---------- Data for review

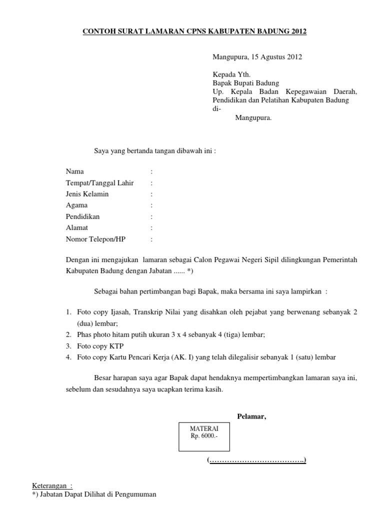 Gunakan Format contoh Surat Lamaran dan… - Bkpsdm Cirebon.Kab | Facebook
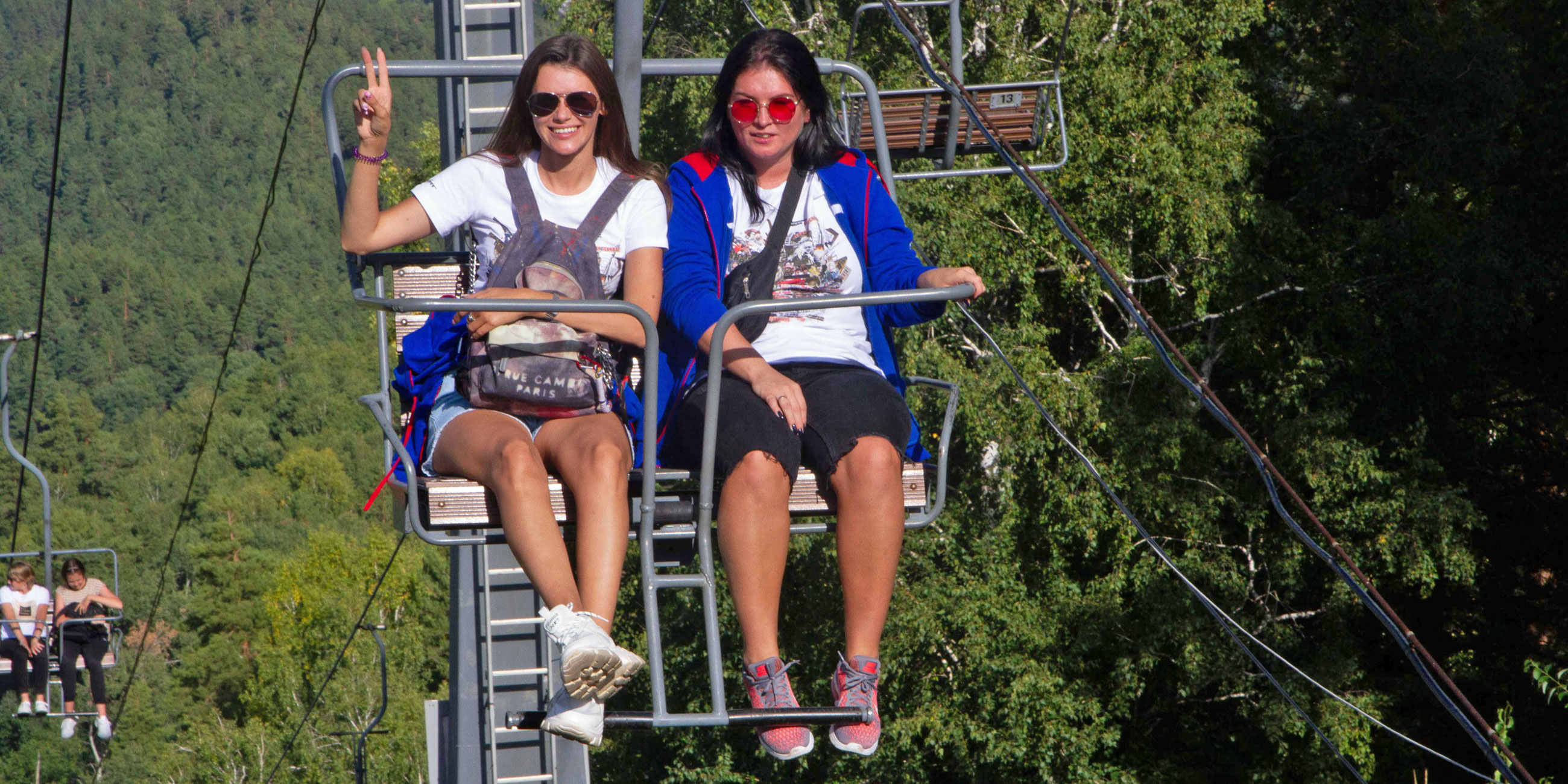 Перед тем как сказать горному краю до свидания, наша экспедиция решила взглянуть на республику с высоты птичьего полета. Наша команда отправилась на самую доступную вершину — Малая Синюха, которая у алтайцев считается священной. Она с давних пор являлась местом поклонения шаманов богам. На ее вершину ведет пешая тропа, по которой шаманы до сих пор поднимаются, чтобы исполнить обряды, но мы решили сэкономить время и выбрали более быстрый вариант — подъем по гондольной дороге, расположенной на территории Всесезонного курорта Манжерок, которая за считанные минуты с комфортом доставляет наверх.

--------------------
---------- Data for review

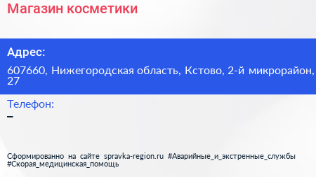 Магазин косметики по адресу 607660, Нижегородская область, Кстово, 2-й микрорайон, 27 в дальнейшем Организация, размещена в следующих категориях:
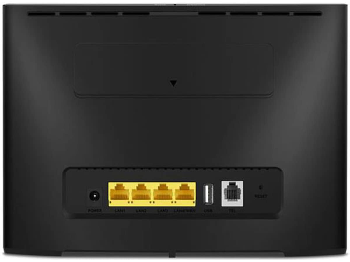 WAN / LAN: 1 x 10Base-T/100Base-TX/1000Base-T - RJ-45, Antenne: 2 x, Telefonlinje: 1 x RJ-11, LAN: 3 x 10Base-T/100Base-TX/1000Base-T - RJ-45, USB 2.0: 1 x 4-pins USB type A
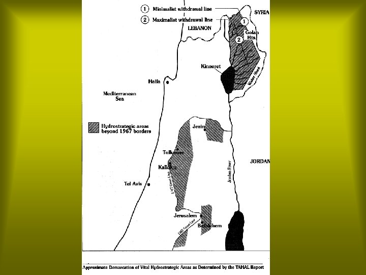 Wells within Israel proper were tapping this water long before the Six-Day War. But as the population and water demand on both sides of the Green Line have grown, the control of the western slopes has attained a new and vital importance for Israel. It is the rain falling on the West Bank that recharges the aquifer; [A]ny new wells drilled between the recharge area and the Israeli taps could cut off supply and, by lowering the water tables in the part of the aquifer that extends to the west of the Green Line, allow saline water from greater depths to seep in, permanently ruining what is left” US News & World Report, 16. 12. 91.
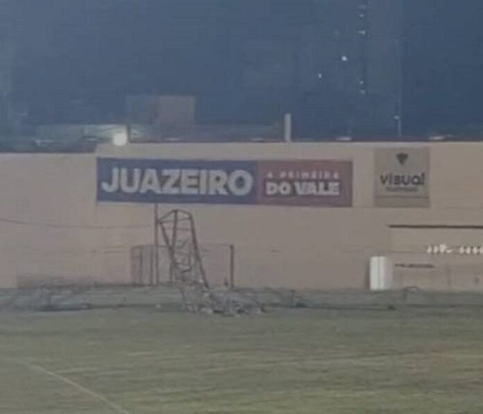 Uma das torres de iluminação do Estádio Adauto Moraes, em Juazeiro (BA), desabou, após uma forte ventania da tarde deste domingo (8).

--------------------
---------- Data for review

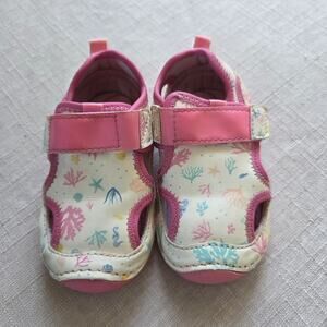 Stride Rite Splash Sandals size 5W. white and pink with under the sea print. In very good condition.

--------------------

:: Work required ::
Give again, exactly as written above, each line from the one that has "WAN / LAN: 1" to the one that has "Uma das torres", both included; omit the pictures.

:: Solution to the problem ::
 WAN / LAN: 1 x 10Base-T/100Base-TX/1000Base-T - RJ-45, Antenne: 2 x, Telefonlinje: 1 x RJ-11, LAN: 3 x 10Base-T/100Base-TX/1000Base-T - RJ-45, USB 2.0: 1 x 4-pins USB type A
 Wells within Israel proper were tapping this water long before the Six-Day War. But as the population and water demand on both sides of the Green Line have grown, the control of the western slopes has attained a new and vital importance for Israel. It is the rain falling on the West Bank that recharges the aquifer; [A]ny new wells drilled between the recharge area and the Israeli taps could cut off supply and, by lowering the water tables in the part of the aquifer that extends to the west of the Green Line, allow saline water from greater depths to seep in, permanently ruining what is left” US News & World Report, 16. 12. 91.
 Uma das torres de iluminação do Estádio Adauto Moraes, em Juazeiro (BA), desabou, após uma forte ventania da tarde deste domingo (8).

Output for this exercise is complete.